SHA1: 701B6FAD6530C61528F9C11F024A9434B3C42D65

then I edited that file and took the hash again:

SHA1: 97A1D0B1A8BBEE639BADF4A54CEC1C83284ED1CF

then I reverted a change:

SHA1: 701B6FAD6530C61528F9C11F024A9434B3C42D65

Note that the hash of original and reverted are the same, which makes sense because the content is the same.

Now I decided to make a hash of a pdf file:

enter image description here

SHA1: CB498FAEF0CD2886A12A4128E168CD30CF97B537

Then I appended a character to the last line and saved the file

enter image description here

SHA1: 15DFC97EAD337537931BAD381A8EB7DBC7E7C050

Then I reverted a change using Ctrl+Z Combo and saved the fileenter image description here

SHA1: 0D5A19A1DAEBC47F75E759C279B4D1849BD5A9E8

Note that the hash of original and reverted are NOT the same. I was wondering what exactly changed in the content that changed the hash.
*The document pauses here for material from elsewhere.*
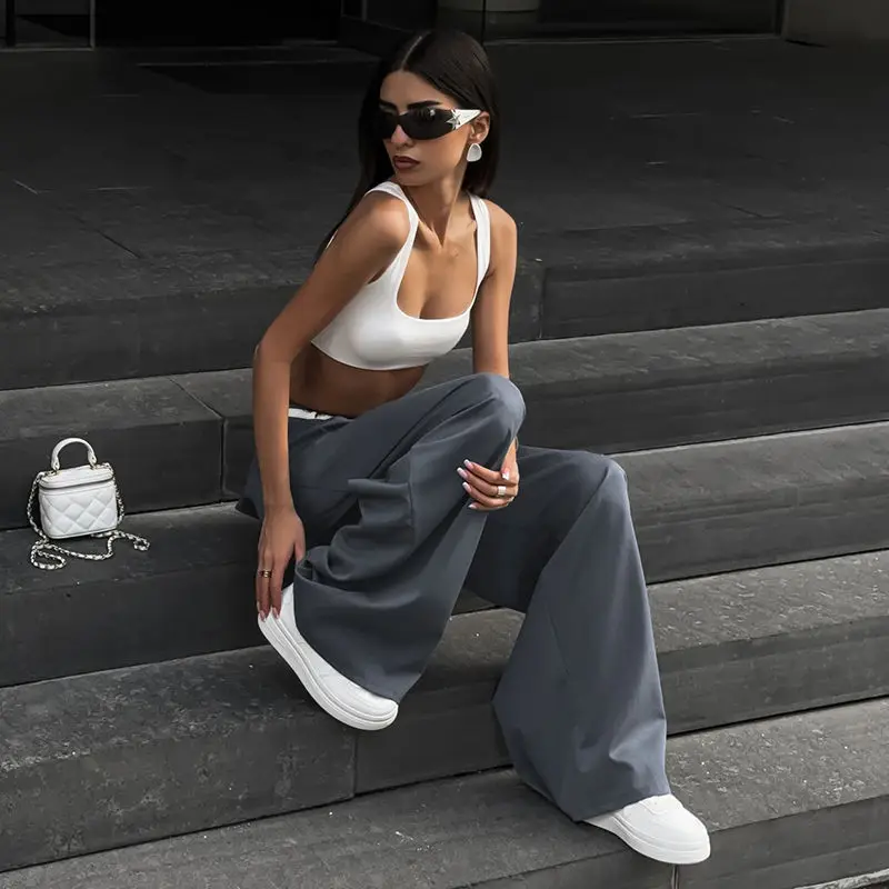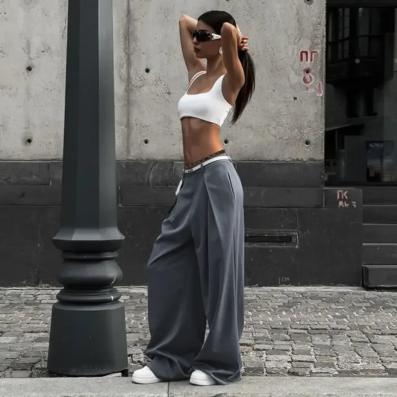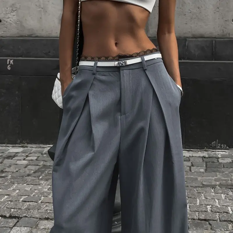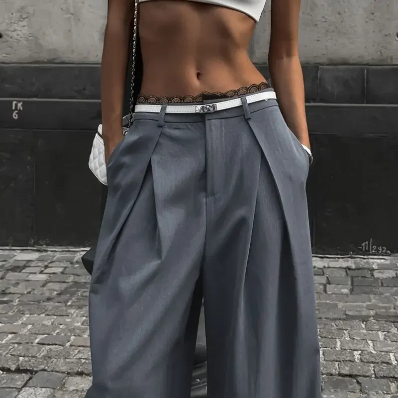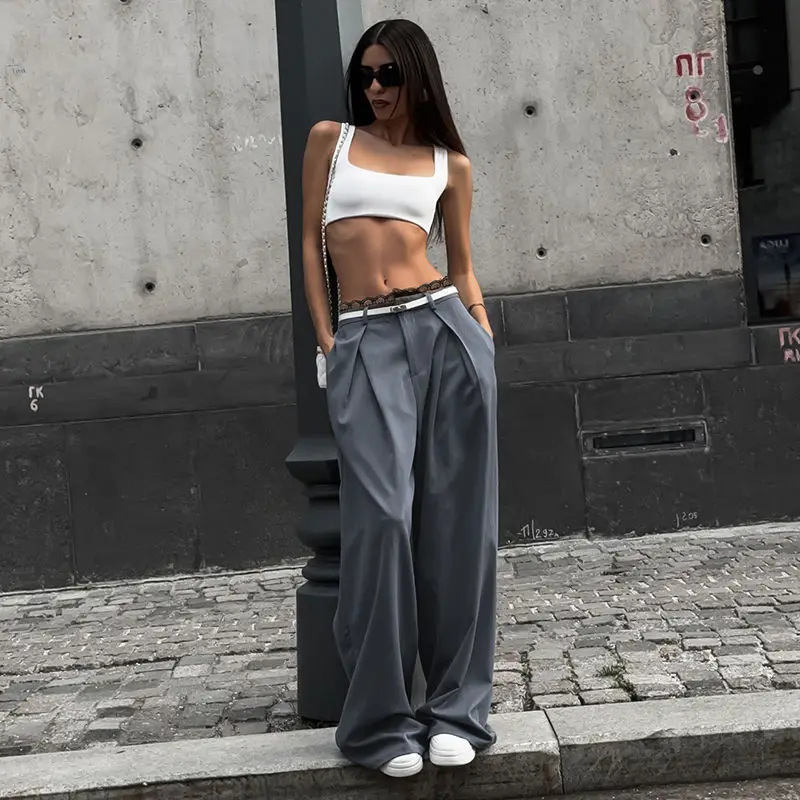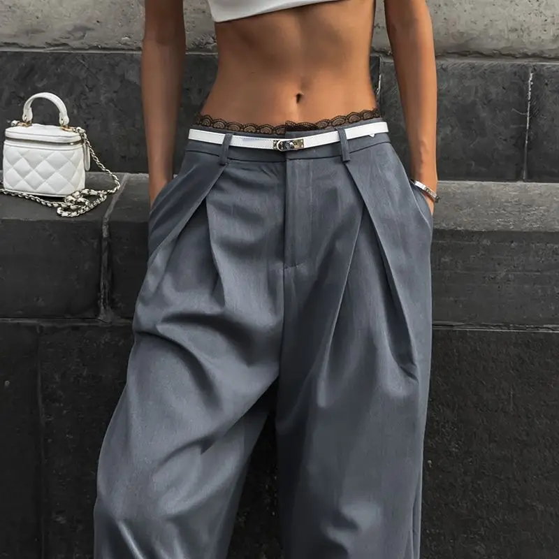 TAVIMART - Y2K Lace Patchwork Waist Pants Women Baggy Casual Korean Oversize Office Trousers

Here are original and reverted are side by side, also two hashes: enter image description here

Aibek
  • 13
  • 4
  • UPD: I just noticed that I didn't even had to add characters. If you just open it with notepad and hit Ctrl+S(to save) it changes the hash. But I am still unclear, does notepad somehow alters the characters, or reinterprets them? – Aibek Sep 26 '18 at 04:15
  • Yea, there are a bunch of things that are different, the question is why notepad does that – Aibek Sep 26 '18 at 05:07
  • https://stackoverflow.com/questions/8432584/how-to-make-notepad-to-save-text-in-utf-8-without-bom may provide a hint. – vidarlo Sep 26 '18 at 05:49
  • `why notepad does that` you should use a better text editor like notepad++, sublime, or just use hex editor for binary file. – mootmoot Sep 26 '18 at 07:09
  • *"Yea, there are a bunch of things that are different, the question is why notepad does that"* - this is not a security question. – Steffen Ullrich Sep 26 '18 at 11:29
  • it's probably a different encoding, notepad likes ascii – dandavis Sep 26 '18 at 16:04

1 Answers1

4

The hash is done over binary data, not visible characters.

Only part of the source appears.